Текст книги "Подземный Голландец. Странники и пришельцы (сборник)"
Автор книги: Татьяна Шипошина
Жанр: Современная русская литература, Современная проза
Возрастные ограничения: +16
сообщить о неприемлемом содержимом
Текущая страница: 6 (всего у книги 21 страниц) [доступный отрывок для чтения: 7 страниц]
41
«Уеду в Баку! Если выйдем отсюда – заберу детей, заберу жену… и брата заберу… и уеду в Баку. Проживу и там!
Нет, не потому, что я боюсь, и не потому, что я не хочу денег.
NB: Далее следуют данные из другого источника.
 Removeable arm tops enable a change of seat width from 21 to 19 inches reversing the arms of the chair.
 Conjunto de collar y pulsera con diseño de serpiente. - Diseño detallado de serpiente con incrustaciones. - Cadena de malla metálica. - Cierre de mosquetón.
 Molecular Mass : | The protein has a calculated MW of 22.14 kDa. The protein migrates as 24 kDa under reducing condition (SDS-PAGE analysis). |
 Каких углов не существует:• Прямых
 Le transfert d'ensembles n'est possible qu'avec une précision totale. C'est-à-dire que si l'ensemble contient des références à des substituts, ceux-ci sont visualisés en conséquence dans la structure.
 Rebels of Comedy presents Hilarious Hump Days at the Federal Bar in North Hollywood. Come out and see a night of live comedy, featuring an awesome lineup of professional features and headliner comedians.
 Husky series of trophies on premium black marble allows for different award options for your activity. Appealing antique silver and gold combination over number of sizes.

Я не боюсь. И денег – хочу. Но вот сейчас я умру – и где будут эти деньги?
Нет, не потому, что деньги мне не нужны. А просто потому, что я не захватчик, нет. И мне не нужна чужая страна. Остальные пусть как хотят.
Баку, мой Баку…
Только бы остаться в живых…»
«Не могу я больше целовать её. Как услышал, что она врёт про беременность. Хоть бы легла на другую лавку, что ли!
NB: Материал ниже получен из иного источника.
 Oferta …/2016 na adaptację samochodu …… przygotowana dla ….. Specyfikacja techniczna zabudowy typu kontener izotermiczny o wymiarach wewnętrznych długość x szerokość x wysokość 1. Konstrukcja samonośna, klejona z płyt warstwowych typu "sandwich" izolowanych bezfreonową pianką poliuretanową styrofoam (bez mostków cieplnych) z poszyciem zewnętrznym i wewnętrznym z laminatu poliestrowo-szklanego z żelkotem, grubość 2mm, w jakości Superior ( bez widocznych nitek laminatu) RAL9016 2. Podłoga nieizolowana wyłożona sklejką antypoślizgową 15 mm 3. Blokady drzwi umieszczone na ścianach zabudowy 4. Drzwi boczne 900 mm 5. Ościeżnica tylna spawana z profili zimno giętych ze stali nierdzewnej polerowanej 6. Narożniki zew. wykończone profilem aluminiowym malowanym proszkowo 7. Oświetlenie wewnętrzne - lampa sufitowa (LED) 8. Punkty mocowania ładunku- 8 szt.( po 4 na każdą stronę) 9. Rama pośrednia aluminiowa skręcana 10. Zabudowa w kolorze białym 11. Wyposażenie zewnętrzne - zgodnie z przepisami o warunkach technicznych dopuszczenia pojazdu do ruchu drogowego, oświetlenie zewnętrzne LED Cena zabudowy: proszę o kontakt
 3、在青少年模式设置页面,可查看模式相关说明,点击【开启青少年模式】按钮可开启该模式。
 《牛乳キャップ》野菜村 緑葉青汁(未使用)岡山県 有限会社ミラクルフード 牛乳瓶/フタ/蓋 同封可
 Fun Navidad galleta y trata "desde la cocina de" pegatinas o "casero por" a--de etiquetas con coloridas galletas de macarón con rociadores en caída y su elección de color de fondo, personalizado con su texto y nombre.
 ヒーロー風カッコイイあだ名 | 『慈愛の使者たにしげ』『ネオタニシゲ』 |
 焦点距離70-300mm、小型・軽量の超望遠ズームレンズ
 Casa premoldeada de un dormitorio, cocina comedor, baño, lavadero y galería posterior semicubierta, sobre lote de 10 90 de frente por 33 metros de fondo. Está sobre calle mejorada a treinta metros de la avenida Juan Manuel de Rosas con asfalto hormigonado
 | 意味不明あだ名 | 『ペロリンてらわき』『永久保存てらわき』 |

Ладно, потерплю пока. Что это там мужик этот говорил… про шашки? Глупость!
А вообще… Я и не думал никогда об этом. В смысле – как я живу… зачем…
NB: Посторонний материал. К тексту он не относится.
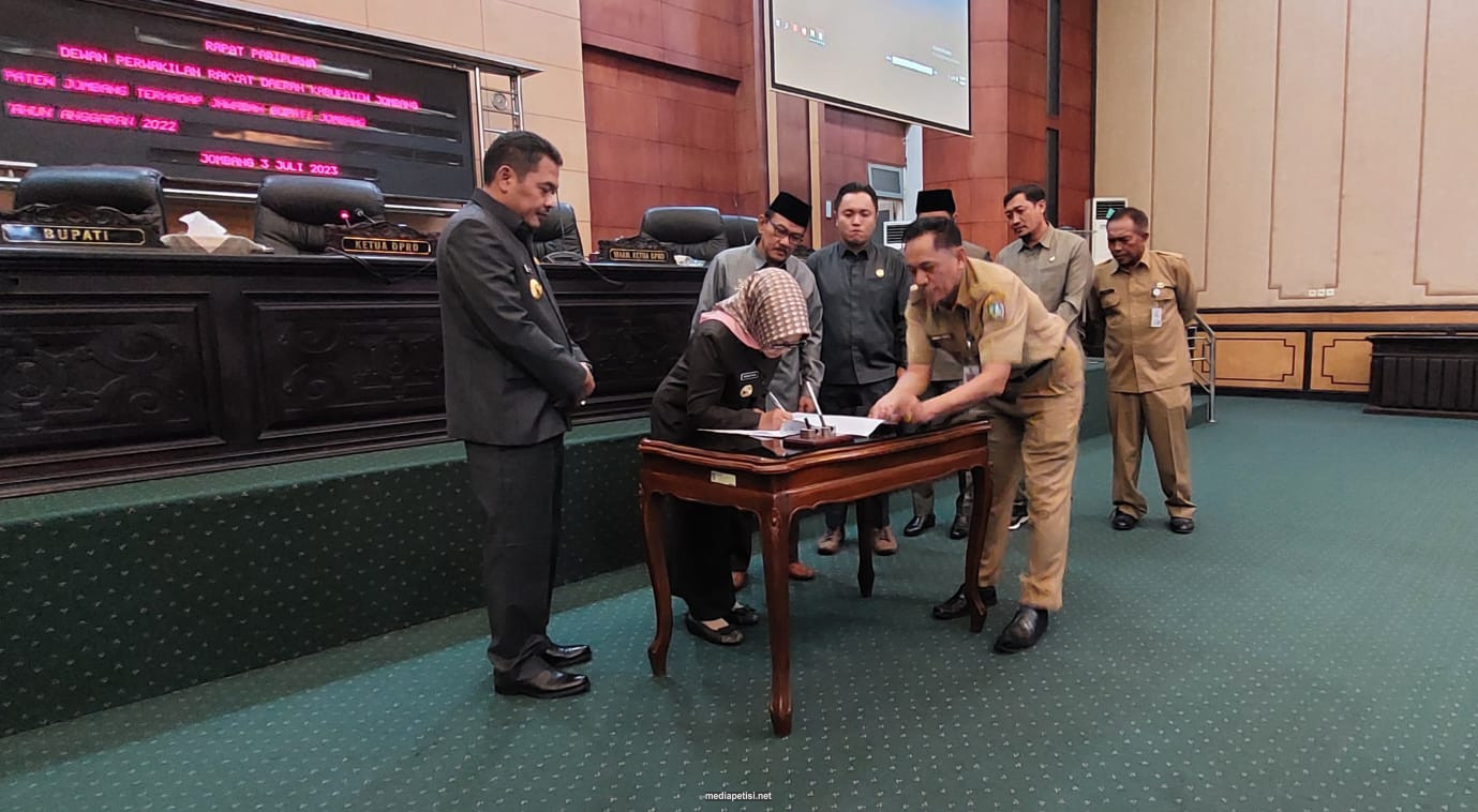 Caption Foto : Bupati Jombang didampingi Wabup dan Pimpinan DPRD saat memandatangani berita acara persetujuan Raperda Pertanggungjawaban Pelaksanaan APBD 2022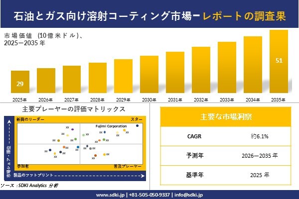 SDKI Analytics(本社:東京都渋谷区)は、このたび、2026年03月09に「石油とガス向け溶射コーティング市場調査レポート:2026-2035年の市場規模、シェア、傾向の予測」を発表しました。石油とガス向け溶射コーティングに関する市場調査レポートには、統計的および分析的アプローチを使用した予測評価が含まれています。この調査レポートでは、一次および二次調査方法を使用して分析された主要な業界洞察を通じて将来の傾向を理解できるようにすることで、主要な市場動向を読者に説明しています。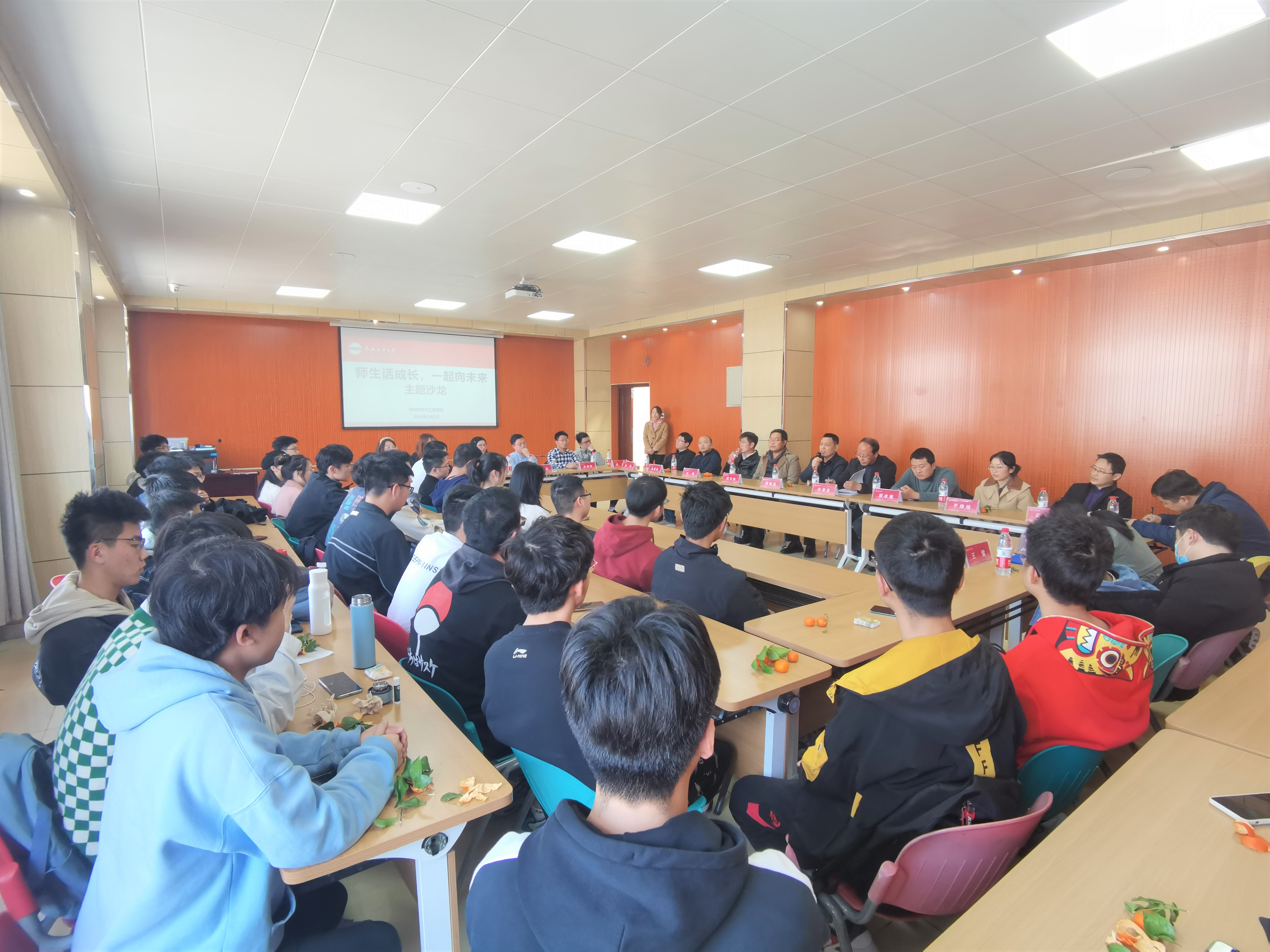 在综合楼302举办了“师生话成长,一起向未来”主题沙龙。材料物理及新能源材料与器件系全体教师和材料物理专业20-1班全体同学面对面,共话大学成长故事。

Живу просто как живу. Как все живут, так и я. Тусуюсь с кем хочу. Нет, иногда и с теми, с кем не хочу. Точно! С кем придётся и как придётся. Это правда.
Я не думаю. Я не думаю вообще.
Неужели… неужели я…
В Чапаева! Точно! Даже не в простые шашки, а в Чапаева! А как же мне быть? Как думать? Как мне начать думать, а?»
«Вот он, страх Божий. Вот он, страх-то… Причаститься не успела, на исповедь не успела. Надо хоть так исповедоваться… про себя… Господи, прости меня, грешную. Я же словом, и делом, и ведением, и неведением… и зрением, и слухом, и осязанием… всем, всем перед Тобой грешна. Всем…
А основной мой грех какой? Тщеславие. Конечно, тщеславие. Всё мне хочется лучше быть, чем я на самом деле есть. Всё жду уважения да похвалы. Благодарности жду. Даже сына, собственного сына, в неблагодарности упрекаю. И мужа упрекаю. Ещё в том упрекаю, что они в церковь не хотят ходить.
Не хотят, Господи! И не только не хотят, но и слова мне сказать не дают ни о чём церковном. А что мне делать? Как мне смотреть на собственного сына и видеть, как он идёт к погибели? И курит, и ругается. Что ему ни скажу – как горох об стену, Господи… И с девчонками крутит, как вот эти… те, что в вагоне…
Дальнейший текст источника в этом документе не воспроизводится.